→ **YOUR GOAL**:
Pictures excluded, retype the lines from the one containing "Fashion British Style" through the last line of the data below, both included.

→ **RECORDED INFORMATION**:
□ □ □ □
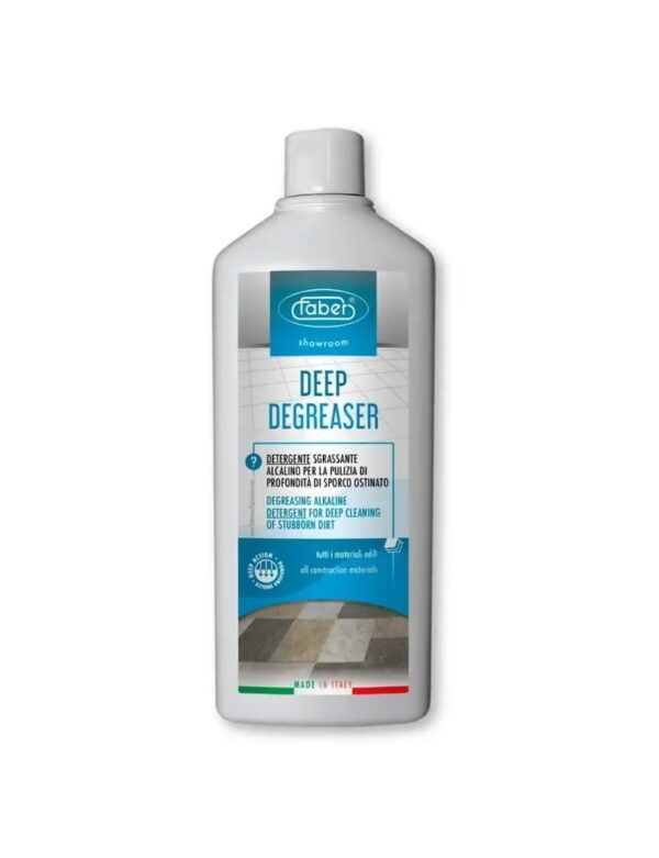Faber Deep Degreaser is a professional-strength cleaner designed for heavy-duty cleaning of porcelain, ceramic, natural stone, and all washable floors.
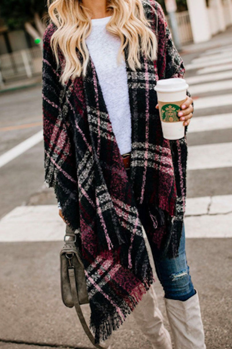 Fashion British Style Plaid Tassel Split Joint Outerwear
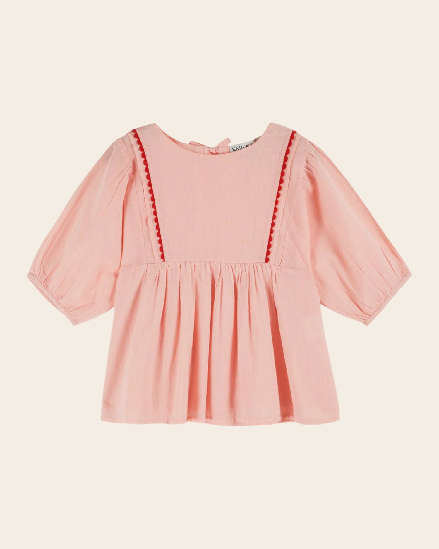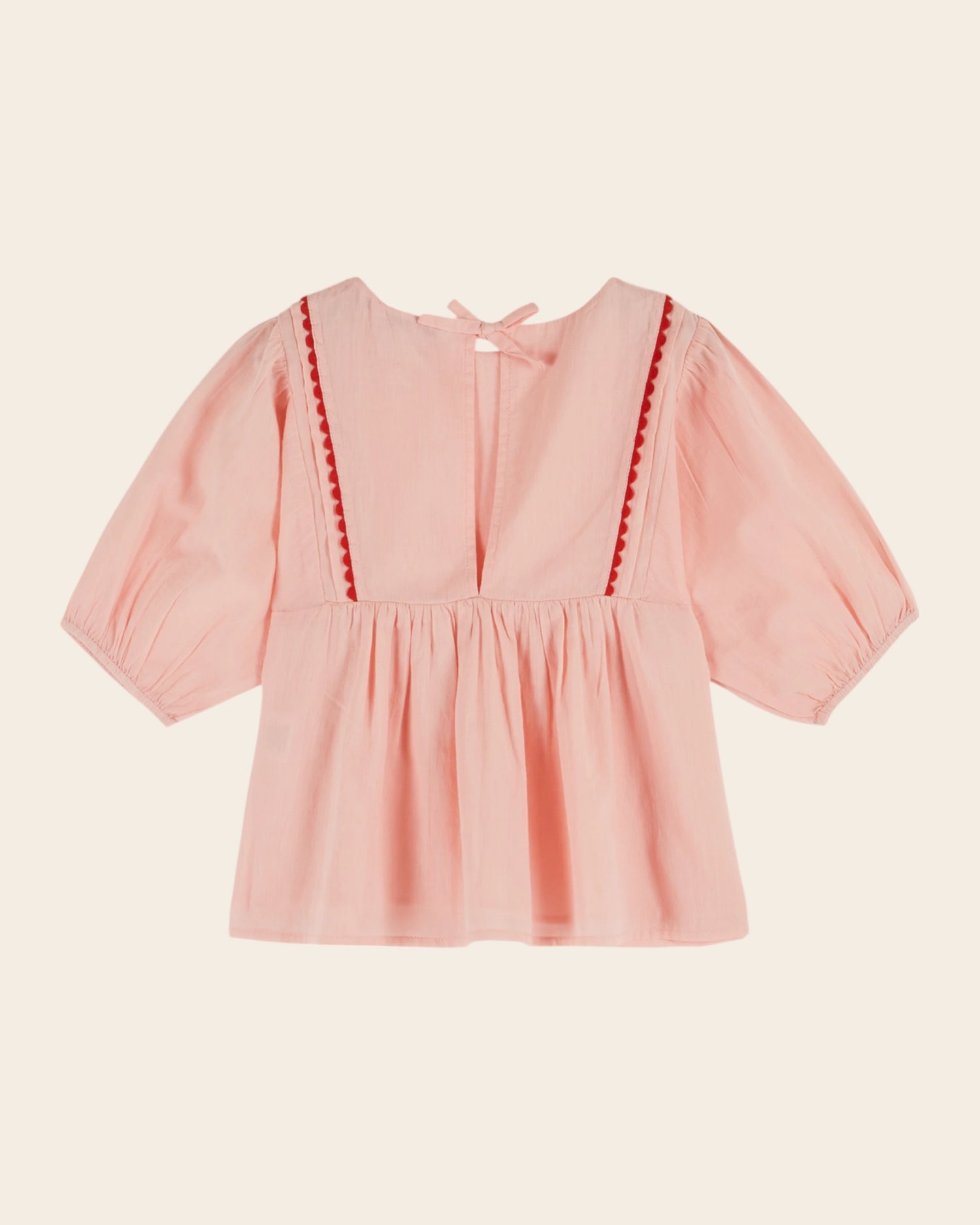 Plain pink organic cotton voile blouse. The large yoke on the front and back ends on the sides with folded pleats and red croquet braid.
□ □ □ □
→ **SOLUTION FOR THIS TASK**:
 Fashion British Style Plaid Tassel Split Joint Outerwear
 Plain pink organic cotton voile blouse. The large yoke on the front and back ends on the sides with folded pleats and red croquet braid.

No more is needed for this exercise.